What you give back from the listing below should be an exact copy of the lines from the one with "A HildaXPrimal crossover" down to the one with "Self: 73% poly", and it should contain no pictures.

[Source data — start]

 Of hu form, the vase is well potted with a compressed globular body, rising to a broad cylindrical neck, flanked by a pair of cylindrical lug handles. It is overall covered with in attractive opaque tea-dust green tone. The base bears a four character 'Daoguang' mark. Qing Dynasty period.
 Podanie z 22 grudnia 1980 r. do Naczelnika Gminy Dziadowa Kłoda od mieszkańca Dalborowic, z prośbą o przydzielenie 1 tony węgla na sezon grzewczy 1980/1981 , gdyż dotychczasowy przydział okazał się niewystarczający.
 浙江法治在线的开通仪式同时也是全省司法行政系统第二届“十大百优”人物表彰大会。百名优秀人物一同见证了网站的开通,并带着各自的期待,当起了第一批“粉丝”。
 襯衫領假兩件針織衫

[Source data — finish]
[Source data — start]

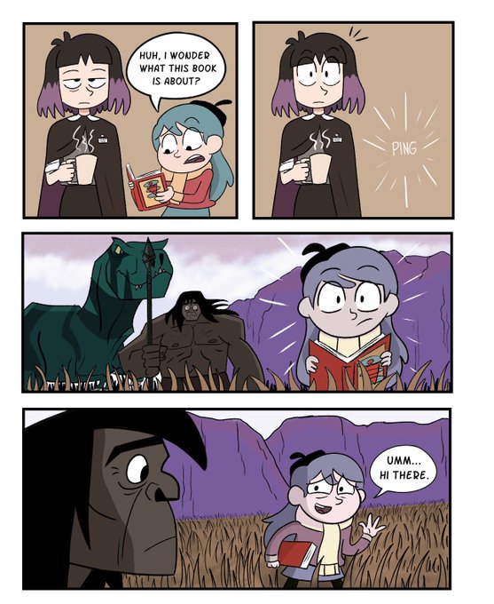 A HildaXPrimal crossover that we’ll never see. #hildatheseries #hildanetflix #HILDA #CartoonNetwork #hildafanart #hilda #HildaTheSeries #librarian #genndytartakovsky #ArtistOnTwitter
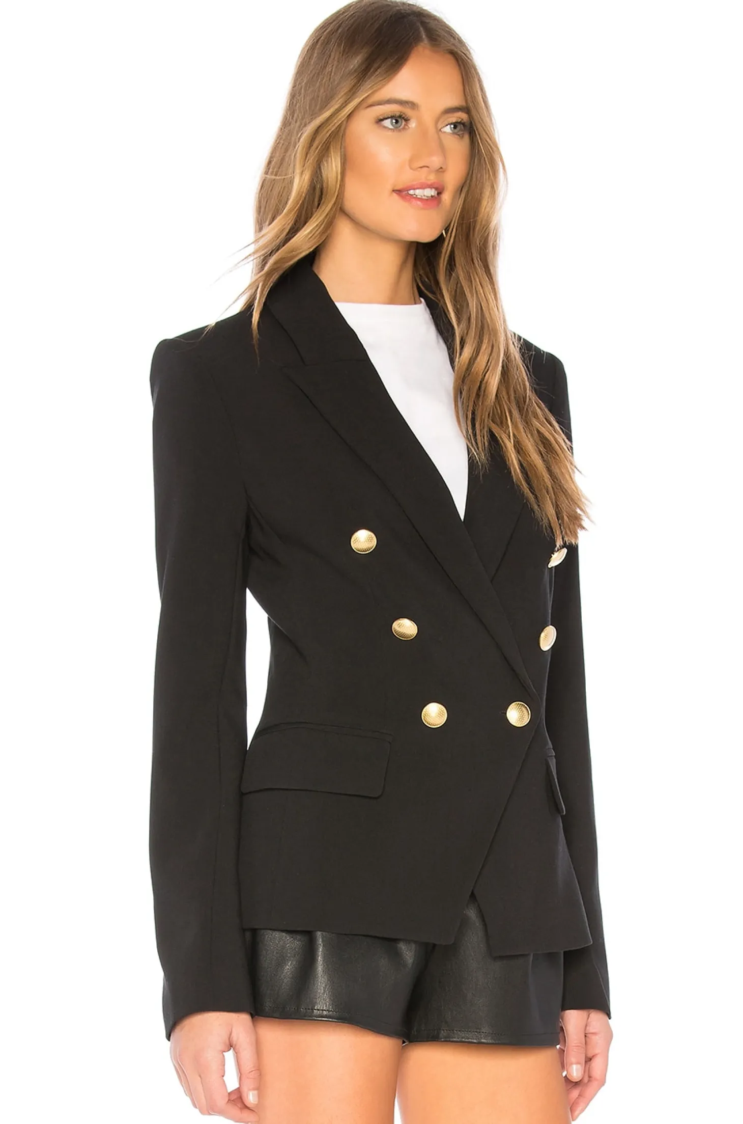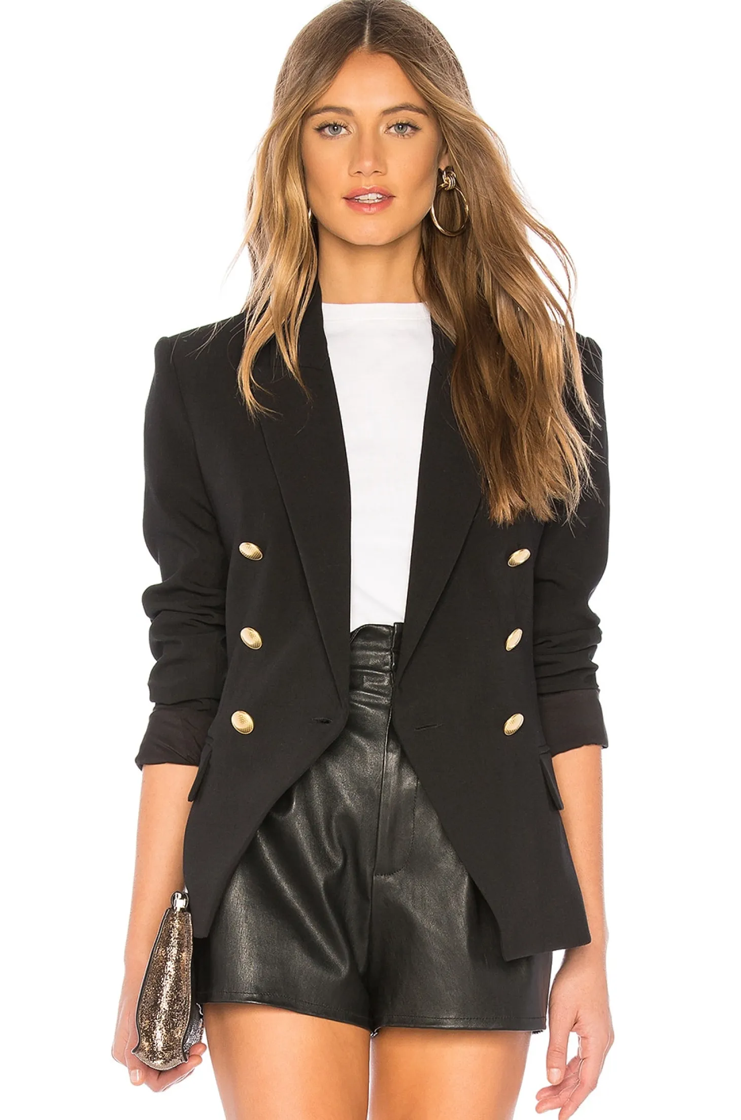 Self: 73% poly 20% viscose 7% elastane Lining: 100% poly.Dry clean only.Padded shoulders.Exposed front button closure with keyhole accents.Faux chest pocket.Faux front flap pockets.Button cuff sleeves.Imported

[Source data — finish]
[Source data — start]

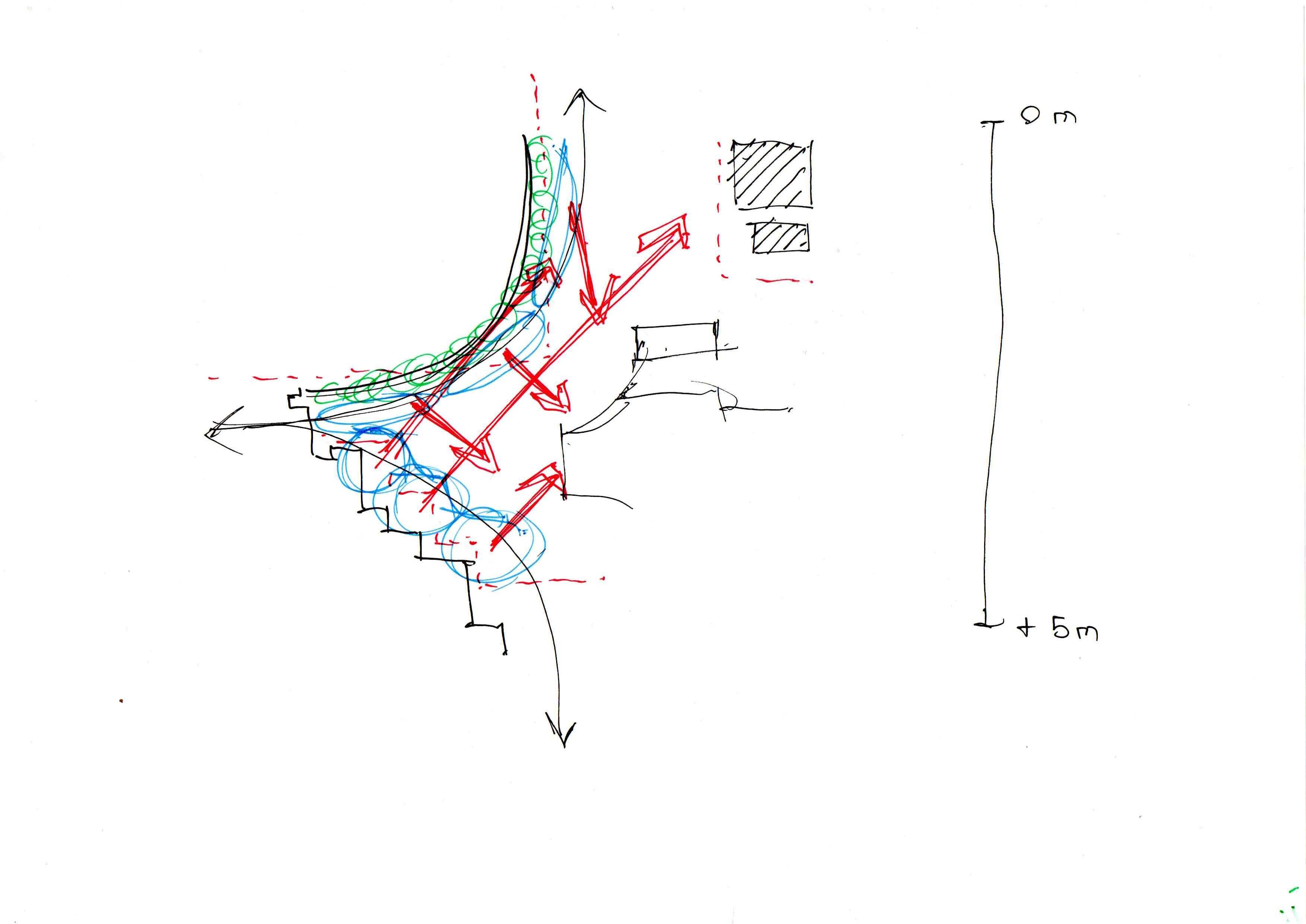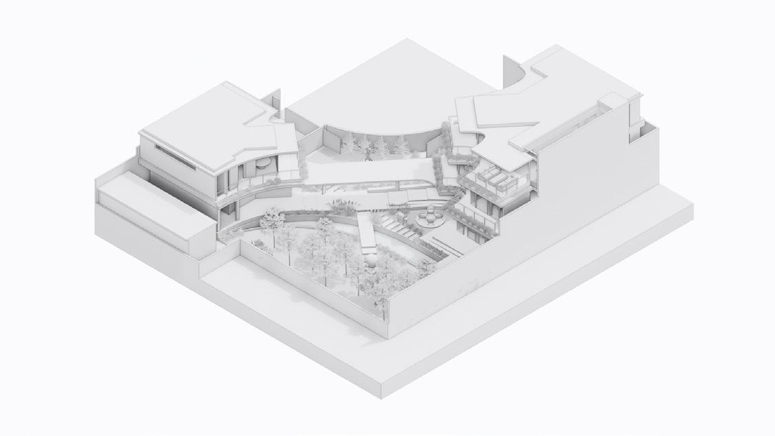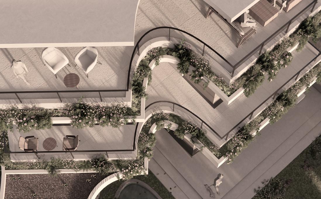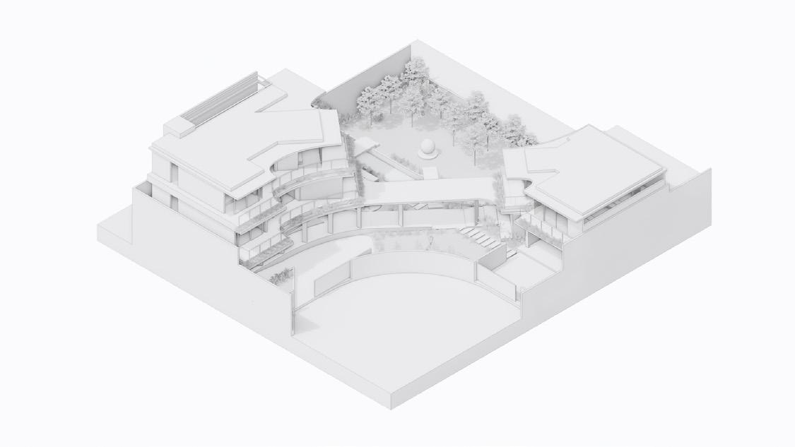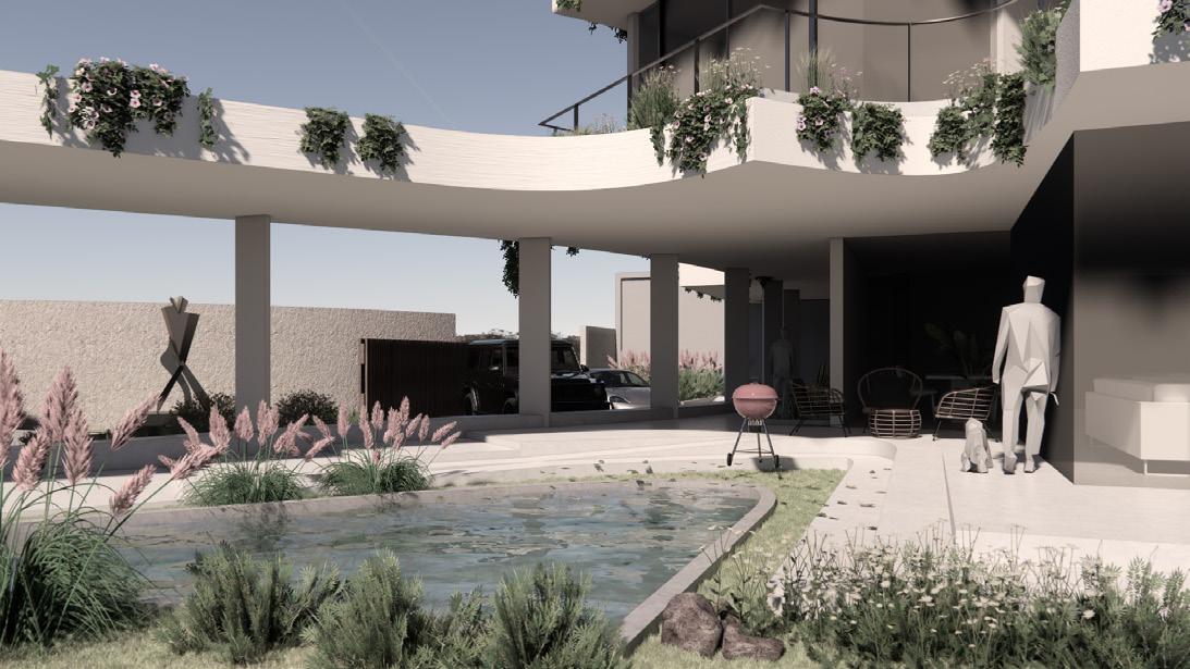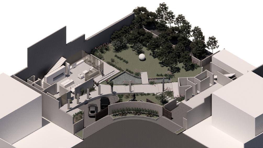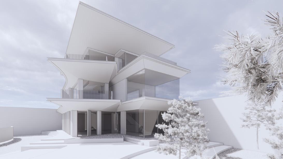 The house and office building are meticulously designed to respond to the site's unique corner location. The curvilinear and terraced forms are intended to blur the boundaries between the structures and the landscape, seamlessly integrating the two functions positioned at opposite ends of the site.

[Source data — finish]

• **Task response**
 A HildaXPrimal crossover that we’ll never see. #hildatheseries #hildanetflix #HILDA #CartoonNetwork #hildafanart #hilda #HildaTheSeries #librarian #genndytartakovsky #ArtistOnTwitter
 Self: 73% poly 20% viscose 7% elastane Lining: 100% poly.Dry clean only.Padded shoulders.Exposed front button closure with keyhole accents.Faux chest pocket.Faux front flap pockets.Button cuff sleeves.Imported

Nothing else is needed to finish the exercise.